(Source material Opens)
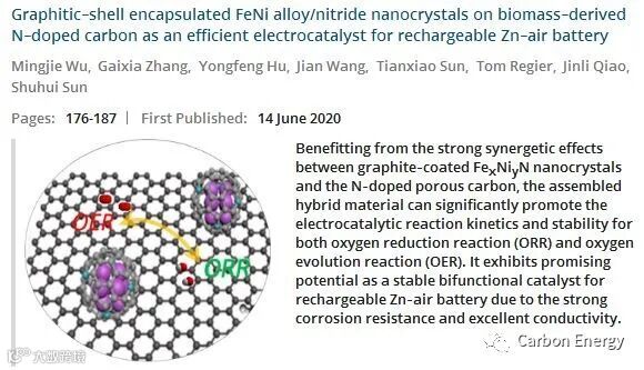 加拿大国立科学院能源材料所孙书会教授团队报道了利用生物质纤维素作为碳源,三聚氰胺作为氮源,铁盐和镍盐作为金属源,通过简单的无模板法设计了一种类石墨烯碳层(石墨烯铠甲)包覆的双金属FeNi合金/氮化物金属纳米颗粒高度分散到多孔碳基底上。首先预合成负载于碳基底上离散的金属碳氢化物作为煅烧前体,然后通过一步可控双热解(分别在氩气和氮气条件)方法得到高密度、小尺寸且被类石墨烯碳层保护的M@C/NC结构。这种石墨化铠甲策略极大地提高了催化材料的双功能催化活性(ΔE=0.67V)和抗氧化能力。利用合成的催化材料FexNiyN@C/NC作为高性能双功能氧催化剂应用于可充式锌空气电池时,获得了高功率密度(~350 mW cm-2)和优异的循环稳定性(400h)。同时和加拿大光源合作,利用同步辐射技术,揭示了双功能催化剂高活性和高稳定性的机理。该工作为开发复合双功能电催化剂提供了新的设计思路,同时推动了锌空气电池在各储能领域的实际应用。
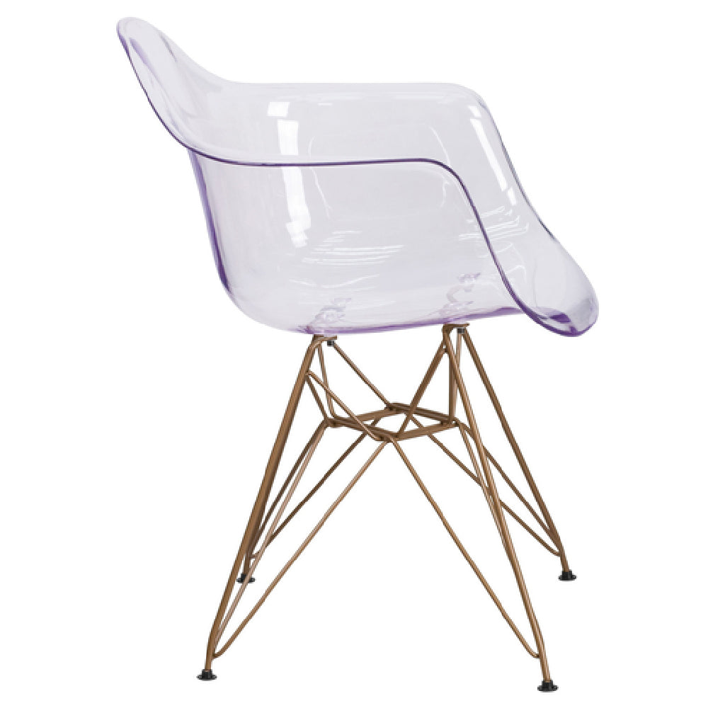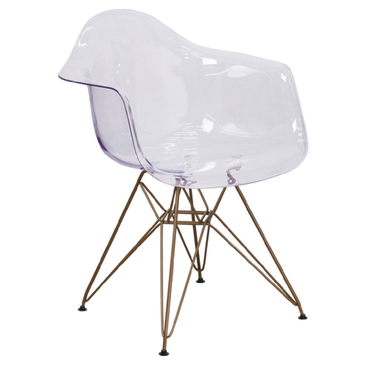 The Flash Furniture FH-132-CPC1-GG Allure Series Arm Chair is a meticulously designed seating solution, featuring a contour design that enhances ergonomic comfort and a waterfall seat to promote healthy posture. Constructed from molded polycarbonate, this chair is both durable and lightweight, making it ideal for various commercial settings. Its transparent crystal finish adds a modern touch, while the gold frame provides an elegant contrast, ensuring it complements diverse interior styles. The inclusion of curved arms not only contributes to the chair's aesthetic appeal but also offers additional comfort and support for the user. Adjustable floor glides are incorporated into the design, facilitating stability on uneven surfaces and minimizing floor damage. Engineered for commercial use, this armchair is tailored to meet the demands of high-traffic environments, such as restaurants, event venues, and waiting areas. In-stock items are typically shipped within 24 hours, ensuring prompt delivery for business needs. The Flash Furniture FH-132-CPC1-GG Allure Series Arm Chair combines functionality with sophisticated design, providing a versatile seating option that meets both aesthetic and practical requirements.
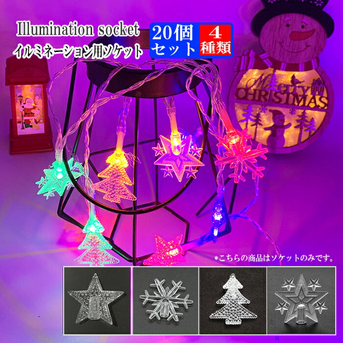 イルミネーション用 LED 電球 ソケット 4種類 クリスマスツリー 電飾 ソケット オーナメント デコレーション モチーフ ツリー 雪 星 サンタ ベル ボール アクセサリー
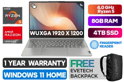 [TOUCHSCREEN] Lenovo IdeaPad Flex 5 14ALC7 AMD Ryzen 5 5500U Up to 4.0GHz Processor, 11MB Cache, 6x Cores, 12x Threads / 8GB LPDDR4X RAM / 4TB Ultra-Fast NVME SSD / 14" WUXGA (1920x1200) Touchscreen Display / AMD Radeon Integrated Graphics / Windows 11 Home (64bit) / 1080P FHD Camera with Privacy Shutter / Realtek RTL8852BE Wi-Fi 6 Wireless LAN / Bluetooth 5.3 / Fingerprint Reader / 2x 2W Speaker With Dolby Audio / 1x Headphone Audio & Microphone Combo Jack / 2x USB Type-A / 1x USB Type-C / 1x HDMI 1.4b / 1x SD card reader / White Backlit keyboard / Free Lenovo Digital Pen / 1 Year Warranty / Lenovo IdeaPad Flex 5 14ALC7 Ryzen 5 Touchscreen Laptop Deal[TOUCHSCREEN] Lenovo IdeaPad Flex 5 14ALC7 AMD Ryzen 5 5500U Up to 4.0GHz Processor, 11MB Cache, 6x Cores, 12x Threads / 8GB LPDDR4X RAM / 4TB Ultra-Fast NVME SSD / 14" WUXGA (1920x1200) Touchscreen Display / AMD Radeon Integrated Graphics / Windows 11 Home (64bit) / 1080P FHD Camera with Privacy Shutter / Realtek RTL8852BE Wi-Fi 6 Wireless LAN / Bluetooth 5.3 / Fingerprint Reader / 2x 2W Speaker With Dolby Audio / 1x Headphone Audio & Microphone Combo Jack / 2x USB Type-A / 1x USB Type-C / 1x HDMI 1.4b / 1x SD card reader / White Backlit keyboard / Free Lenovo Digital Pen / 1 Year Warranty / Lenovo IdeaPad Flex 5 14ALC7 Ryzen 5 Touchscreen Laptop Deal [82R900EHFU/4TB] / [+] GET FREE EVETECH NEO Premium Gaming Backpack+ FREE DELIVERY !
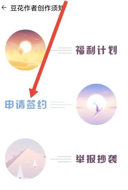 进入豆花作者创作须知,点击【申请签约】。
(Source material Closes)
(Source material Opens)
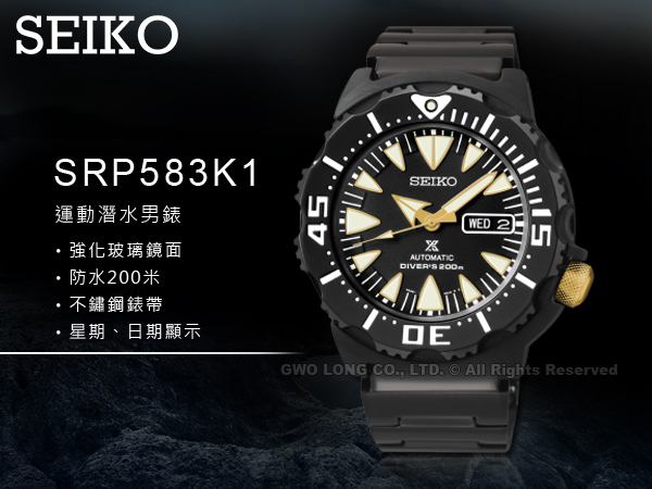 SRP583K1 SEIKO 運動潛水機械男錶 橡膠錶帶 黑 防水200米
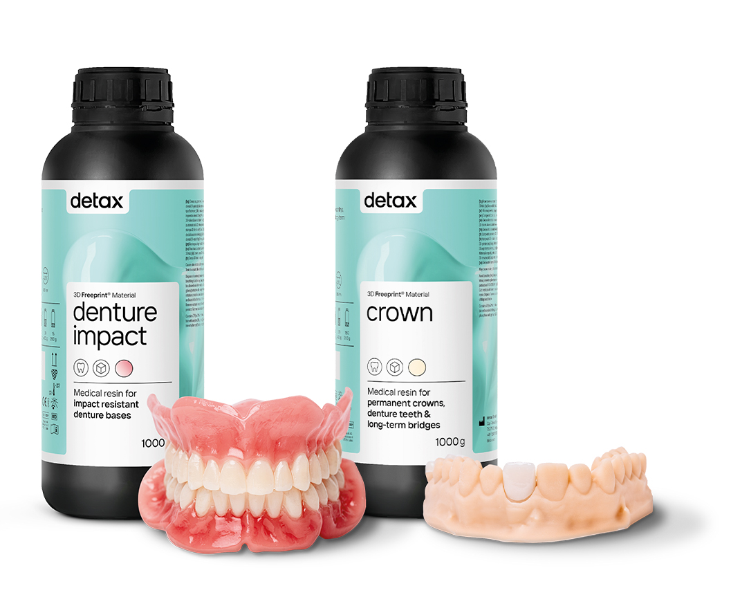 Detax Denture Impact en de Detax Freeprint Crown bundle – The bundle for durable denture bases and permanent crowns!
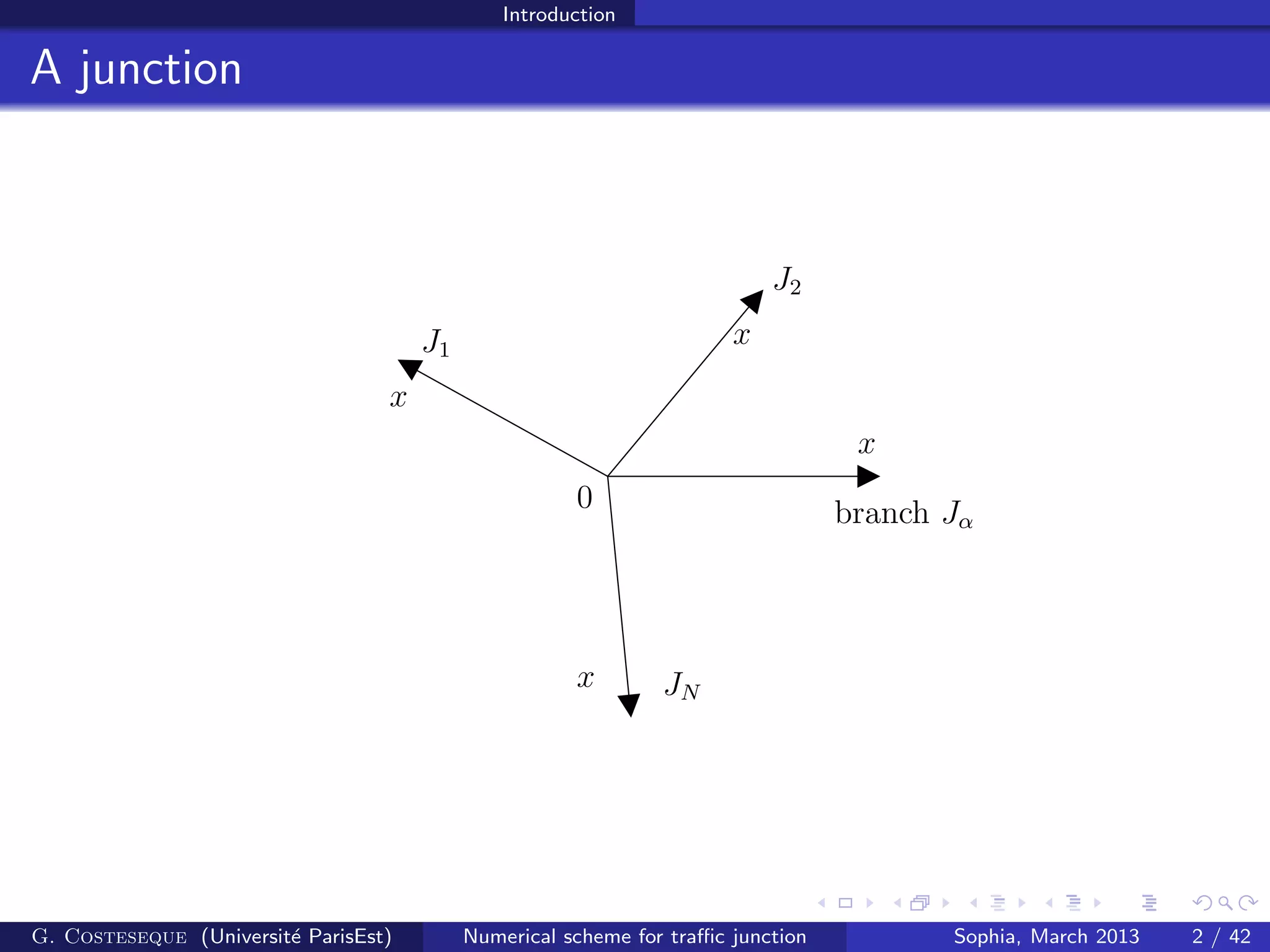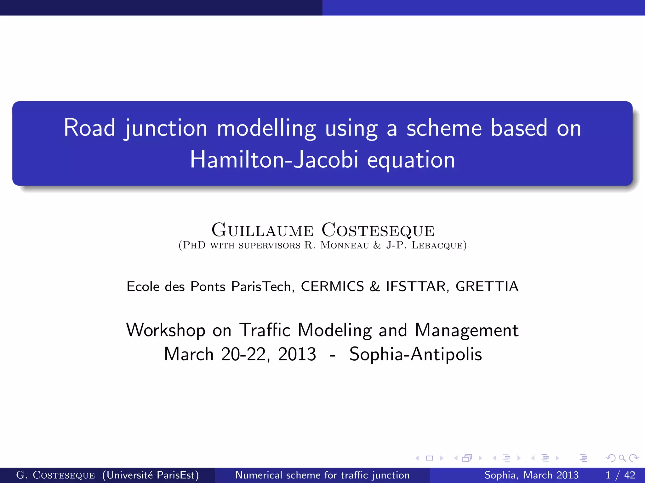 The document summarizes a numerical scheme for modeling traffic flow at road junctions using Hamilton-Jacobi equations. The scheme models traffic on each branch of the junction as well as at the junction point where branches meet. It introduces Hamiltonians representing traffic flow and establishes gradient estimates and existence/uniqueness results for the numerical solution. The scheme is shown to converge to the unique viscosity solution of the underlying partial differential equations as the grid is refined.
(Source material Closes)
(Source material Opens)
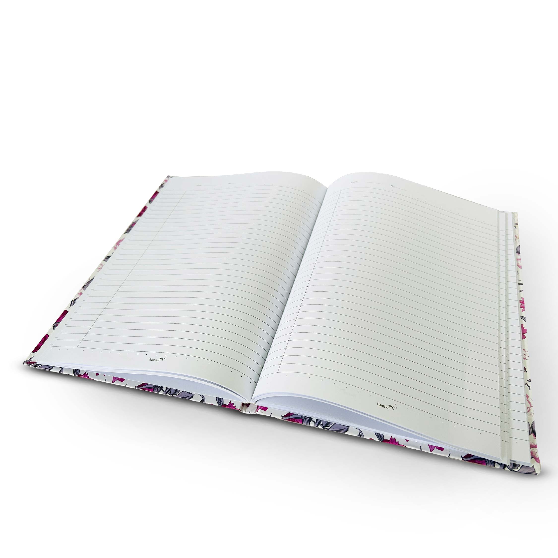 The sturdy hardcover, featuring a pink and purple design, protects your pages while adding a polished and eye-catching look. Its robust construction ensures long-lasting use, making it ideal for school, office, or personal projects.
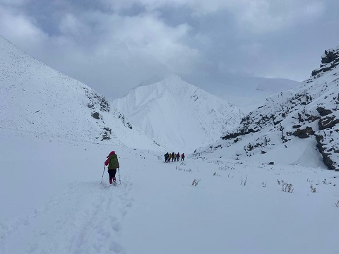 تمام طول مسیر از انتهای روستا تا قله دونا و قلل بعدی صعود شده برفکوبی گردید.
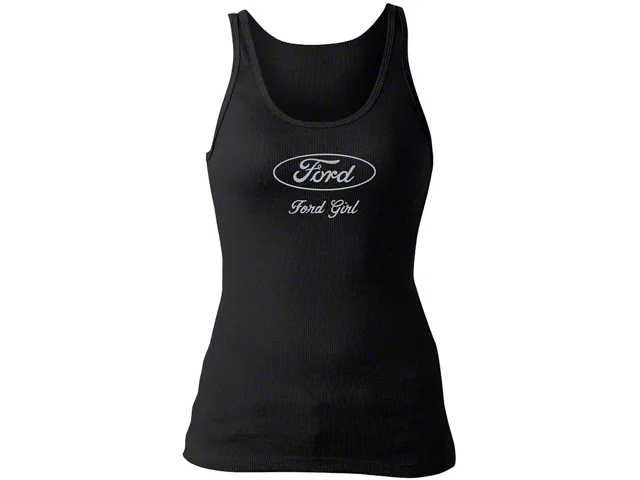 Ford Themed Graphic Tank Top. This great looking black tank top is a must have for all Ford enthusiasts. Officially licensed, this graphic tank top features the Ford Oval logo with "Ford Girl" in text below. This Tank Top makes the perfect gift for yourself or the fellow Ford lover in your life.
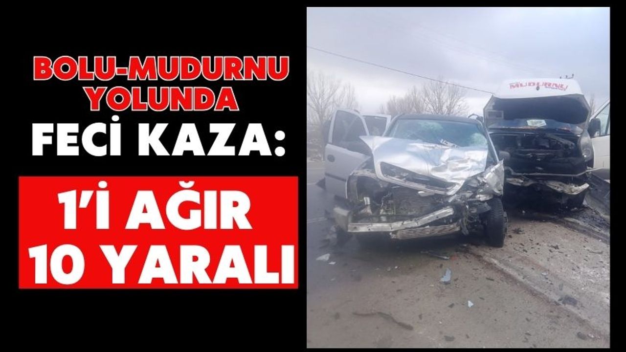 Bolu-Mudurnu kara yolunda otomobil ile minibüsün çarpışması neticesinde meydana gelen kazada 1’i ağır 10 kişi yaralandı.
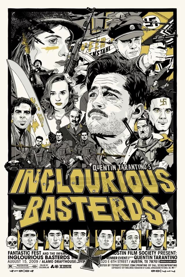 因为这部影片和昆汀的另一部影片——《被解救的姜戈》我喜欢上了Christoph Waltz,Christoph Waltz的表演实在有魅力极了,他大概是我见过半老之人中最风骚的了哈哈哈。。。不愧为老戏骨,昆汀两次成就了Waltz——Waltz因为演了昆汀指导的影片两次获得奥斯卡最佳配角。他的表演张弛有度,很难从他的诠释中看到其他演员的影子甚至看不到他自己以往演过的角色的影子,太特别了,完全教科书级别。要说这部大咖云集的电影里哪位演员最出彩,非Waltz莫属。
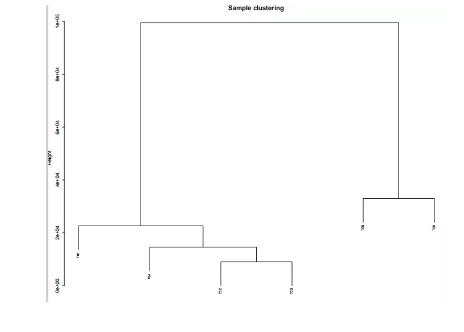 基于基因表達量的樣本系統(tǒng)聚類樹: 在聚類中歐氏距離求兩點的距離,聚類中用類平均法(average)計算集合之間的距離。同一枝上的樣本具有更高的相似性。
(Source material Closes)
In the records above, find the line containing "Detax Denture Impact" and the line containing "The document summarizes", then give both of them again word for word along with every line between. Omit any pictures.

 Detax Denture Impact en de Detax Freeprint Crown bundle – The bundle for durable denture bases and permanent crowns!
 The document summarizes a numerical scheme for modeling traffic flow at road junctions using Hamilton-Jacobi equations. The scheme models traffic on each branch of the junction as well as at the junction point where branches meet. It introduces Hamiltonians representing traffic flow and establishes gradient estimates and existence/uniqueness results for the numerical solution. The scheme is shown to converge to the unique viscosity solution of the underlying partial differential equations as the grid is refined.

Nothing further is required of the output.